Suppose \(M\) is a TM | Suppose \(D\) is a TM | Suppose \(E\) is an enumerator | |
that recognizes \(L\) | that decides \(L\) | that enumerates \(L\) | |
If string \(w\) is in \(L\) then … | |||
If string \(w\) is not in \(L\) then … | |||
Describing Turing machines (Sipser p. 185)
The Church-Turing thesis posits that each algorithm can be implemented by some Turing machine
High-level descriptions of Turing machine algorithms are written as indented text within quotation marks.
Stages of the algorithm are typically numbered consecutively.
The first line specifies the input to the machine, which must be a string.
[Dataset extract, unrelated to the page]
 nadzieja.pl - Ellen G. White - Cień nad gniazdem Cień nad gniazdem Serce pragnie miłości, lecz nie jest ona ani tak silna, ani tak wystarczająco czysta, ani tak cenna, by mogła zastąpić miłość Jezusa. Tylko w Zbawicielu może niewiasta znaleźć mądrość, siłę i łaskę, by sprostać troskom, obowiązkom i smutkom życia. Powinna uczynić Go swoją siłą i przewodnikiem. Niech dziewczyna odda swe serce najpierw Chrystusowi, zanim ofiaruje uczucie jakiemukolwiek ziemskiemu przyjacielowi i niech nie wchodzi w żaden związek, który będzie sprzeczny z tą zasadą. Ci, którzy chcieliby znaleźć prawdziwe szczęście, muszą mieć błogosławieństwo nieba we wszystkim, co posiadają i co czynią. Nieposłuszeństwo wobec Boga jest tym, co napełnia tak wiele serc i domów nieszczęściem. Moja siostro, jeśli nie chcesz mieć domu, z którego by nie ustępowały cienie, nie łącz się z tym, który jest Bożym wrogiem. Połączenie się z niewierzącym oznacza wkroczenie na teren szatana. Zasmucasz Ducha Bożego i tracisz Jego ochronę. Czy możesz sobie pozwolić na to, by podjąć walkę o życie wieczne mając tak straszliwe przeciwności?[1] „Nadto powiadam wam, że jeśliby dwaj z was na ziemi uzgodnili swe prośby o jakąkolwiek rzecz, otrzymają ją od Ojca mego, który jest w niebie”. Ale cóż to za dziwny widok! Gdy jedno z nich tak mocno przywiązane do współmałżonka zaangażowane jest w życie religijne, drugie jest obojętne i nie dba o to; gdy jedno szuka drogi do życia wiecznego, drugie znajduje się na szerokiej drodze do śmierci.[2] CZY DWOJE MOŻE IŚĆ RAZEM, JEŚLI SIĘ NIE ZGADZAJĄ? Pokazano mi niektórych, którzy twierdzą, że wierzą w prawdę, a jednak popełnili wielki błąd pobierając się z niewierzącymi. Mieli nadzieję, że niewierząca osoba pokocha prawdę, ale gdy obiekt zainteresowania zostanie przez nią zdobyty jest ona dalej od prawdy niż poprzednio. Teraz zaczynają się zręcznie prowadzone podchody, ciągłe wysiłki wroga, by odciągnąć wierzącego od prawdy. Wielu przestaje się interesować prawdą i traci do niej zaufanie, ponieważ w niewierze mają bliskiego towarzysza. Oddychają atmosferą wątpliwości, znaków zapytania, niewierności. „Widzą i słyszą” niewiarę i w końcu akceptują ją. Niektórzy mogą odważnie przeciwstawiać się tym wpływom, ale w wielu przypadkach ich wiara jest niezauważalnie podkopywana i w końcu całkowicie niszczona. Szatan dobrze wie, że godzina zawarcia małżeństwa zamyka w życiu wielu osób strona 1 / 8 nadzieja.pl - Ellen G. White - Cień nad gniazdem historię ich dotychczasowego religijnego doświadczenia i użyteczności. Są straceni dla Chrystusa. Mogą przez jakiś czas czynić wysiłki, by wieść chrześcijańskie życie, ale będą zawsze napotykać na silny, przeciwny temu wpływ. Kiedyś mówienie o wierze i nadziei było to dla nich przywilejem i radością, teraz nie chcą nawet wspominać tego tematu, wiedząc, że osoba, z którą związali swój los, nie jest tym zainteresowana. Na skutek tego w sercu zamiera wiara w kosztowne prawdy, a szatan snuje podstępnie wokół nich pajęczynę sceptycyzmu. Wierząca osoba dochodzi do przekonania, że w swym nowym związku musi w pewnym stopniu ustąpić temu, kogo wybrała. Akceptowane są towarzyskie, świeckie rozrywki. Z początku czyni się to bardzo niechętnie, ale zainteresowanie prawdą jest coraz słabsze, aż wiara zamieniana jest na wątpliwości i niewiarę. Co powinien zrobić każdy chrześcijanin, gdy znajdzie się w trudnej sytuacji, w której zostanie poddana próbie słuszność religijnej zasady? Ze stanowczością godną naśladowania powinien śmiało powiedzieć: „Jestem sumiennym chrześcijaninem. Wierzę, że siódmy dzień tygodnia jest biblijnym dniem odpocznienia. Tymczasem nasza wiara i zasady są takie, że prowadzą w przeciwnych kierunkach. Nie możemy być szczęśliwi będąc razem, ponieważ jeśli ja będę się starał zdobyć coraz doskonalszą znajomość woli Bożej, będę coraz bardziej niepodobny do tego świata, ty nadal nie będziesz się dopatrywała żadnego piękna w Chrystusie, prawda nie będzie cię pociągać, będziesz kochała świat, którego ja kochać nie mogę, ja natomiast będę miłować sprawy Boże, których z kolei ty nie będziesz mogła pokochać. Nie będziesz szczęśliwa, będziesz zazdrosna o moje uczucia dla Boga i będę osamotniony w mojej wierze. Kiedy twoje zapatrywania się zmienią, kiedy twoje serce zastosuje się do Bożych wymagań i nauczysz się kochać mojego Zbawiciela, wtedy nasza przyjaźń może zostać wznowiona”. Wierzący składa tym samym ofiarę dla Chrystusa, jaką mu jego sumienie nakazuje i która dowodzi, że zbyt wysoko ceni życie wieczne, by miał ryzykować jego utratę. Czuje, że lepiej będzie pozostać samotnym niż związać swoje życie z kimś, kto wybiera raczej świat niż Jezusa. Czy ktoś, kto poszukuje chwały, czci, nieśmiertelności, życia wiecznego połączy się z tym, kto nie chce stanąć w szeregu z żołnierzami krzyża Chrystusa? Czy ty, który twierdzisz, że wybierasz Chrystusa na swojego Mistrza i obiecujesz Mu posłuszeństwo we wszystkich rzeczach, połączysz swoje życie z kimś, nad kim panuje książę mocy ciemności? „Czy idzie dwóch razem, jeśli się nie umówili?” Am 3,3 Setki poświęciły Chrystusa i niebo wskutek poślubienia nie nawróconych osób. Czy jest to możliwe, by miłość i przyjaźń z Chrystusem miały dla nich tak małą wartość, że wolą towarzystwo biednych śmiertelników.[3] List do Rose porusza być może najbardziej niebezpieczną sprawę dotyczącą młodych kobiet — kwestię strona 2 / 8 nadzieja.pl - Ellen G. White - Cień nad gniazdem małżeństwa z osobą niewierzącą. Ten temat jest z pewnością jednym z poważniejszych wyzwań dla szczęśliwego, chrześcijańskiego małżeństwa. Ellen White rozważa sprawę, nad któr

This string may be the encoding of some object or list of objects.
Notation: \(\langle O \rangle\) is the string that encodes the object \(O\). \(\langle O_1, \ldots, O_n \rangle\) is the string that encodes the list of objects \(O_1, \ldots, O_n\).
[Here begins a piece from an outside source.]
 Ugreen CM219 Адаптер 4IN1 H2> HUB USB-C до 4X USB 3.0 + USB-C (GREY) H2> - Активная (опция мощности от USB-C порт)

Assumption: There are Turing machines that can be called as subroutines to decode the string representations of common objects and interact with these objects as intended (data structures).
For example, since there are algorithms to answer each of the following questions, by Church-Turing thesis, there is a Turing machine that accepts exactly those strings for which the answer to the question is “yes”
Does a string over \(\{0,1\}\) have even length?
Does a string over \(\{0,1\}\) encode a string of ASCII characters?1
Does a DFA have a specific number of states?
Do two NFAs have any state names in common?
Do two CFGs have the same start variable?
A computational problem is decidable iff language encoding its positive problem instances is decidable.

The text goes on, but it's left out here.